[Extracted records]
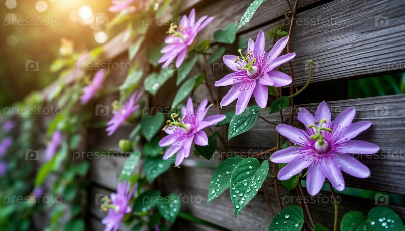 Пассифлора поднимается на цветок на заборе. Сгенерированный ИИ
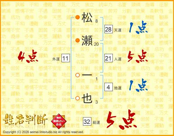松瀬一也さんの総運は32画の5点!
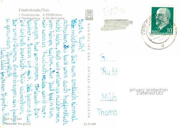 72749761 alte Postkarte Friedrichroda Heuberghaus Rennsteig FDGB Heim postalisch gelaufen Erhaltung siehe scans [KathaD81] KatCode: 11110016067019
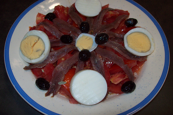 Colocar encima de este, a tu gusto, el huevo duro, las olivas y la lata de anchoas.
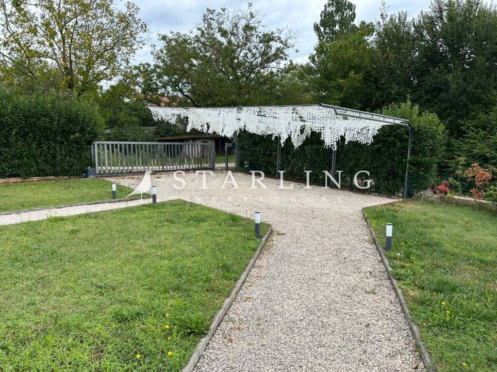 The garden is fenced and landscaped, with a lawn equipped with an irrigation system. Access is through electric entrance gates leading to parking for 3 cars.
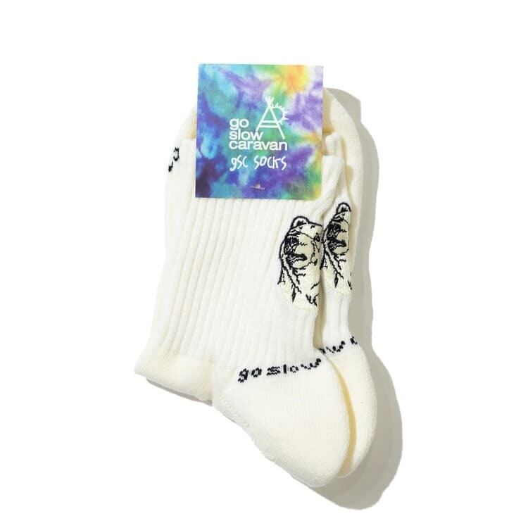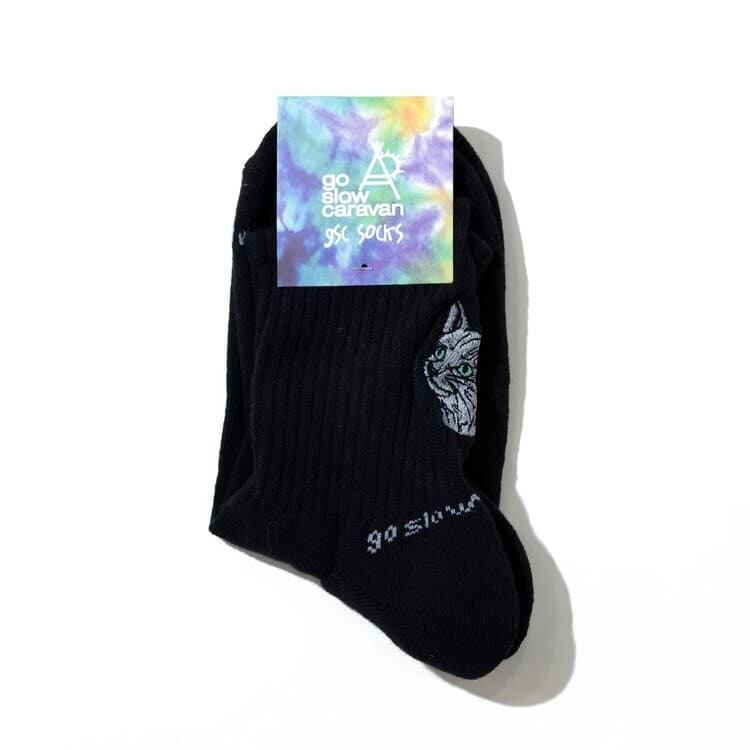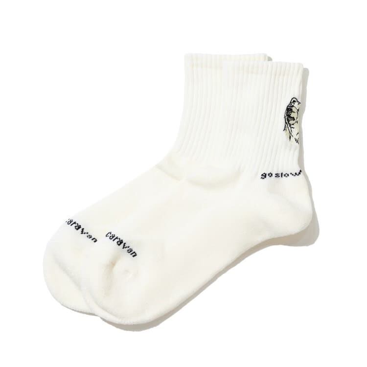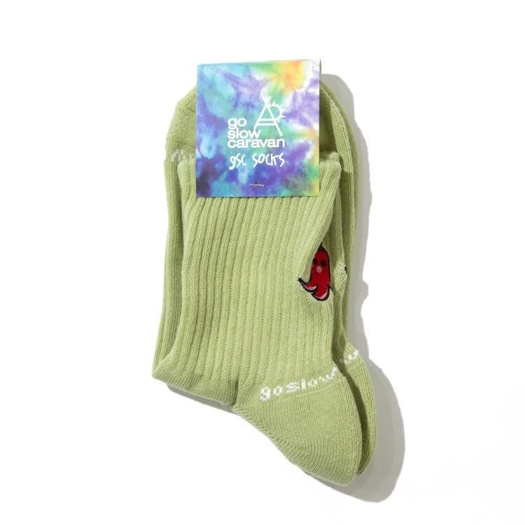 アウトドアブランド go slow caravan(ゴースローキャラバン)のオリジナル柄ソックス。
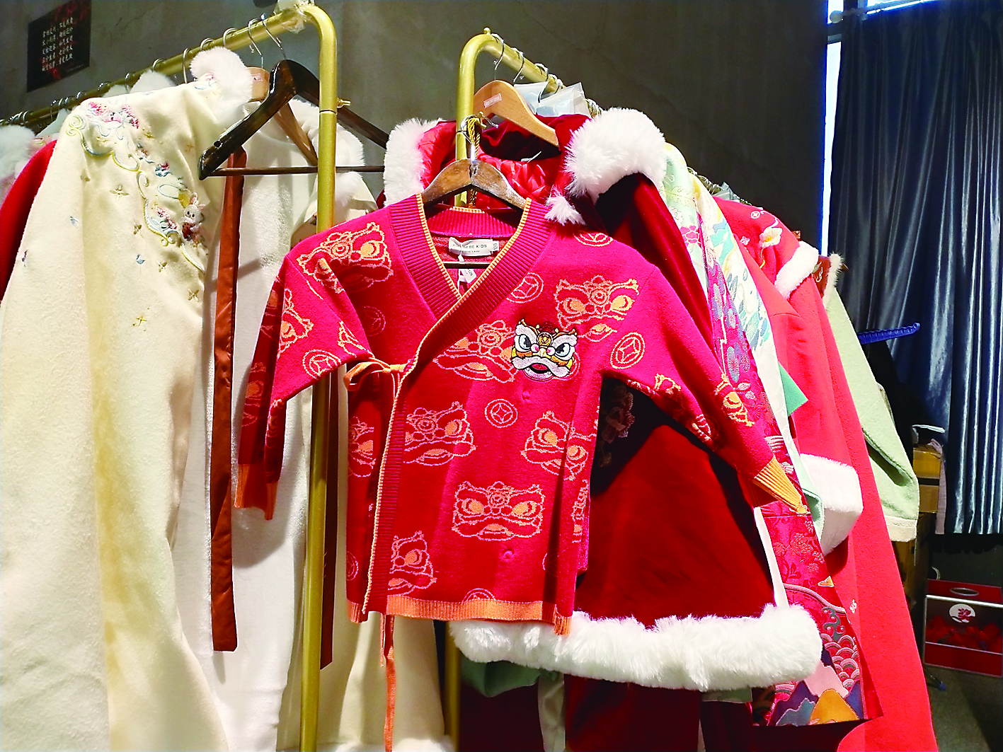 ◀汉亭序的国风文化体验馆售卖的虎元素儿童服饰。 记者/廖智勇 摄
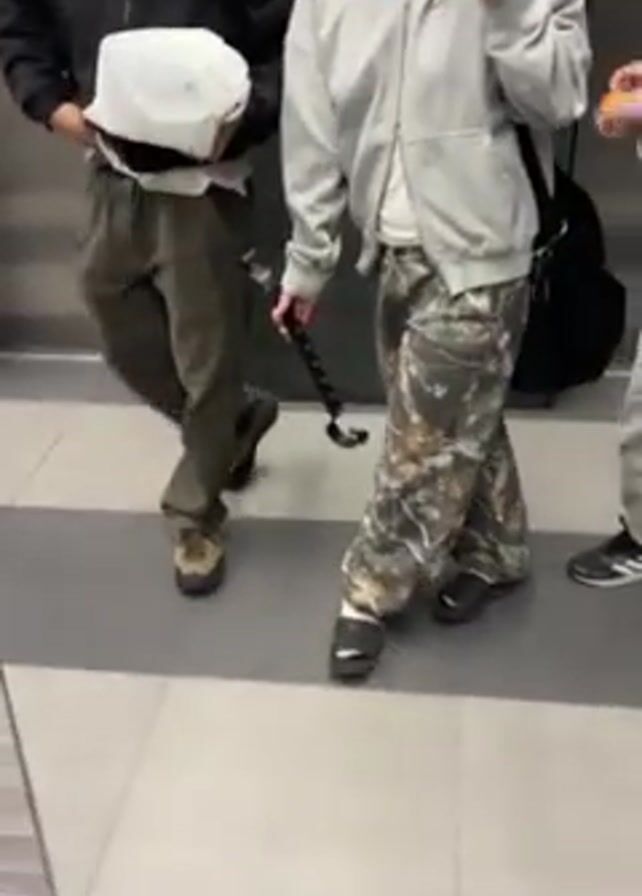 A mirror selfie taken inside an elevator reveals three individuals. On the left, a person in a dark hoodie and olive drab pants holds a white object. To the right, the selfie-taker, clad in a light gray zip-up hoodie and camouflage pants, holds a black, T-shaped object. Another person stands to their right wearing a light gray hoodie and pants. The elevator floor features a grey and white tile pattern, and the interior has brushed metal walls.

> _Task_: Would you copy out every entry above word for word, without the pictures?

> _Answer below_:
 Пассифлора поднимается на цветок на заборе. Сгенерированный ИИ
松瀬一也さんの総運は32画の5点!
 72749761 alte Postkarte Friedrichroda Heuberghaus Rennsteig FDGB Heim postalisch gelaufen Erhaltung siehe scans [KathaD81] KatCode: 11110016067019
 Colocar encima de este, a tu gusto, el huevo duro, las olivas y la lata de anchoas.
 The garden is fenced and landscaped, with a lawn equipped with an irrigation system. Access is through electric entrance gates leading to parking for 3 cars.
 アウトドアブランド go slow caravan(ゴースローキャラバン)のオリジナル柄ソックス。
 ◀汉亭序的国风文化体验馆售卖的虎元素儿童服饰。 记者/廖智勇 摄
 A mirror selfie taken inside an elevator reveals three individuals. On the left, a person in a dark hoodie and olive drab pants holds a white object. To the right, the selfie-taker, clad in a light gray zip-up hoodie and camouflage pants, holds a black, T-shaped object. Another person stands to their right wearing a light gray hoodie and pants. The elevator floor features a grey and white tile pattern, and the interior has brushed metal walls.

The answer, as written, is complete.